■ DATA TO USE ■
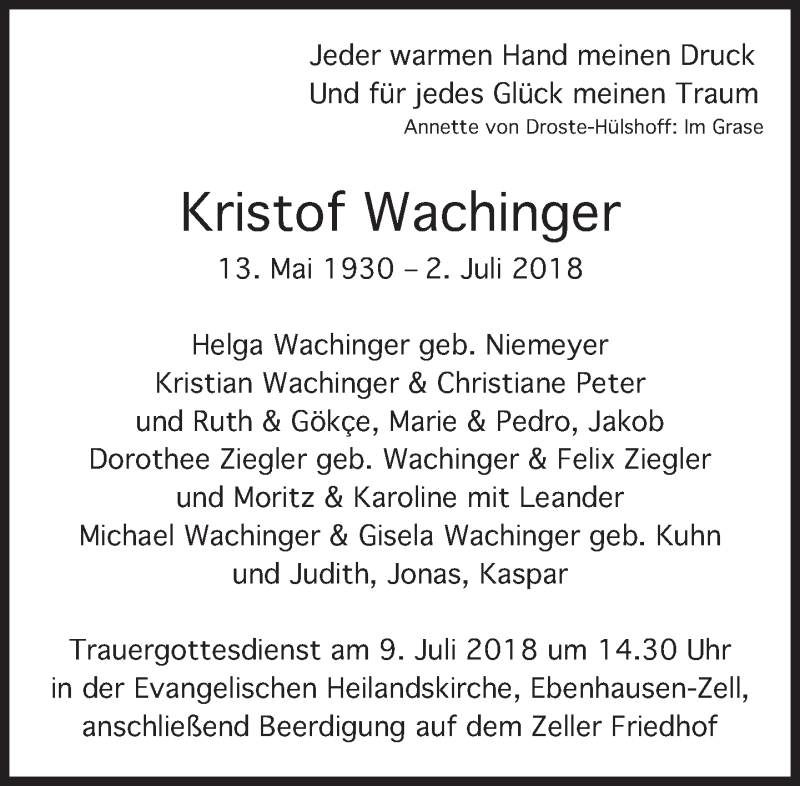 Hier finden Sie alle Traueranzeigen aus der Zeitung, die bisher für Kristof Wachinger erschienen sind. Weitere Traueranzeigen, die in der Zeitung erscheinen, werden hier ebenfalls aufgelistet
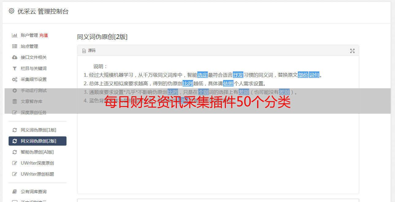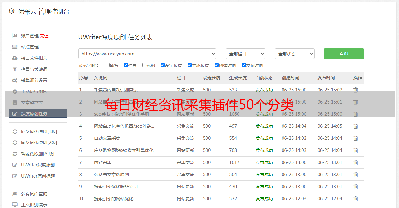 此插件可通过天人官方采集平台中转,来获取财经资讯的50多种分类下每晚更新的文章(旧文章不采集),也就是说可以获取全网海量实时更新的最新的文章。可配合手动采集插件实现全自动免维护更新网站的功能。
--
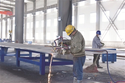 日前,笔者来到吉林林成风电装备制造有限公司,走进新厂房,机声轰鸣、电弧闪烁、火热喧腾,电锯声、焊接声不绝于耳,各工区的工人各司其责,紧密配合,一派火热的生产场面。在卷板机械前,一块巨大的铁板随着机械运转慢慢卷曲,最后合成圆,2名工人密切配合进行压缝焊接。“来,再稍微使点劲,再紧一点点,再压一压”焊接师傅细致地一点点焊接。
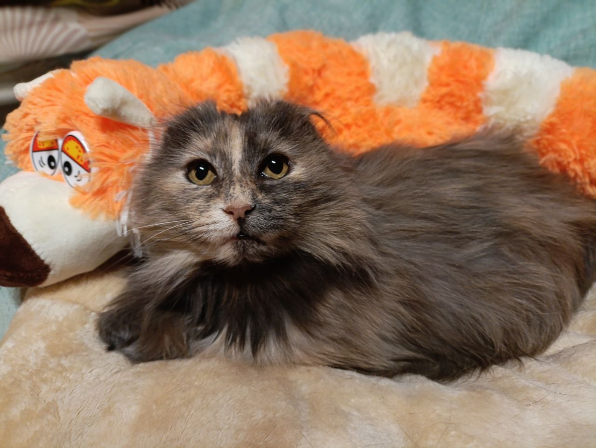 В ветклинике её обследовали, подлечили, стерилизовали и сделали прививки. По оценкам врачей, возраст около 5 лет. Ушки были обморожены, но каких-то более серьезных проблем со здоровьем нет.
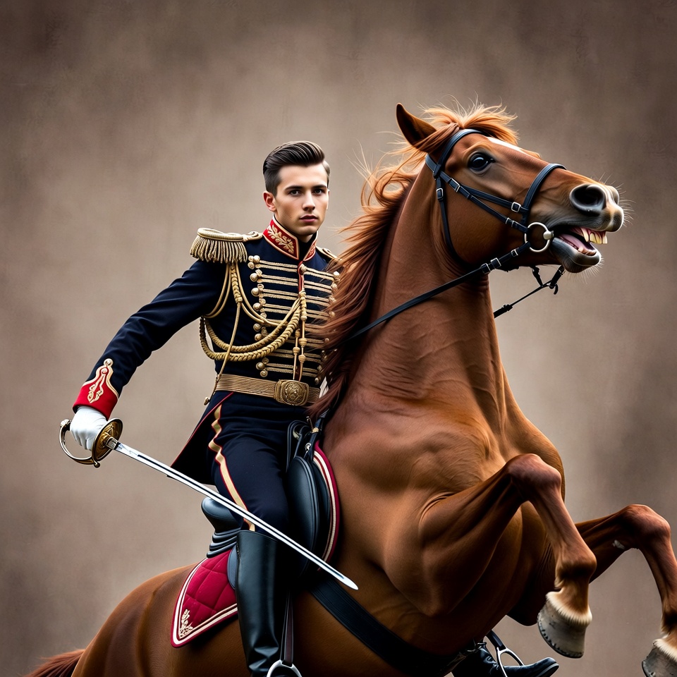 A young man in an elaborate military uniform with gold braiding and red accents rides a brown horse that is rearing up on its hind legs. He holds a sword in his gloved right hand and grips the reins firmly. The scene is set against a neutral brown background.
---
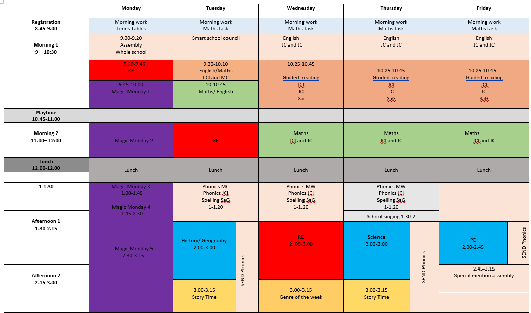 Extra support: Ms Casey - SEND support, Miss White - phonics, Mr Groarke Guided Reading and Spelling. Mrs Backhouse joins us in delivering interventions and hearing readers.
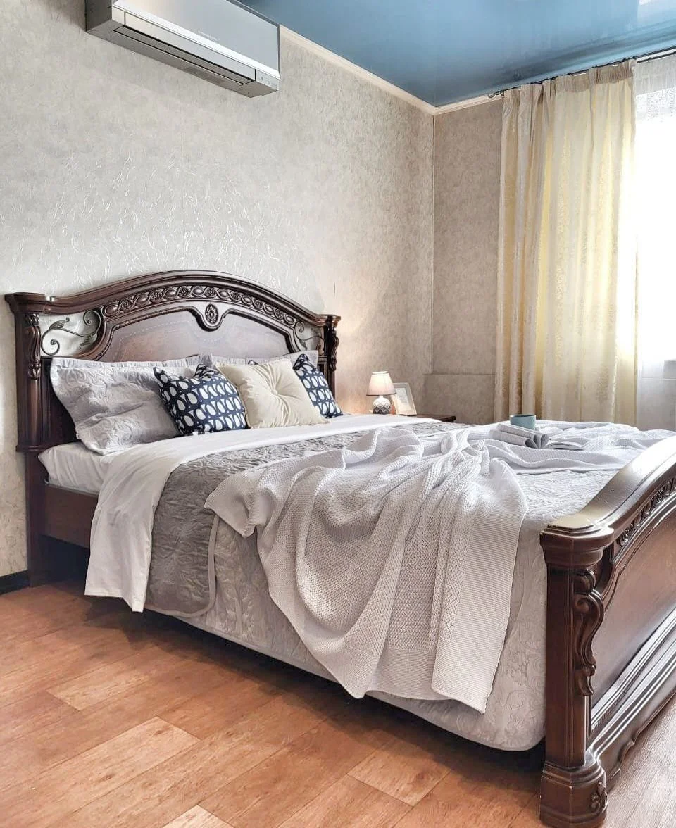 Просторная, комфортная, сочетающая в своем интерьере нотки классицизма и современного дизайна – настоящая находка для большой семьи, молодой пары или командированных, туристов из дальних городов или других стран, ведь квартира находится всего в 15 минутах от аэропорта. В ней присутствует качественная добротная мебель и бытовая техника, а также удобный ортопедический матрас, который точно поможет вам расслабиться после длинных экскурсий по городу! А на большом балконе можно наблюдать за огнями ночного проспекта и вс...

■ INSTRUCTIONS TO FOLLOW ■
Write out the lines above from the one with "日前,笔者来到吉林林成风电装" through the one with "A young man", ends included, exactly; no picture goes in.

■ SOLUTION TO THE PROBLEM ■
 日前,笔者来到吉林林成风电装备制造有限公司,走进新厂房,机声轰鸣、电弧闪烁、火热喧腾,电锯声、焊接声不绝于耳,各工区的工人各司其责,紧密配合,一派火热的生产场面。在卷板机械前,一块巨大的铁板随着机械运转慢慢卷曲,最后合成圆,2名工人密切配合进行压缝焊接。“来,再稍微使点劲,再紧一点点,再压一压”焊接师傅细致地一点点焊接。
 В ветклинике её обследовали, подлечили, стерилизовали и сделали прививки. По оценкам врачей, возраст около 5 лет. Ушки были обморожены, но каких-то более серьезных проблем со здоровьем нет.
 A young man in an elaborate military uniform with gold braiding and red accents rides a brown horse that is rearing up on its hind legs. He holds a sword in his gloved right hand and grips the reins firmly. The scene is set against a neutral brown background.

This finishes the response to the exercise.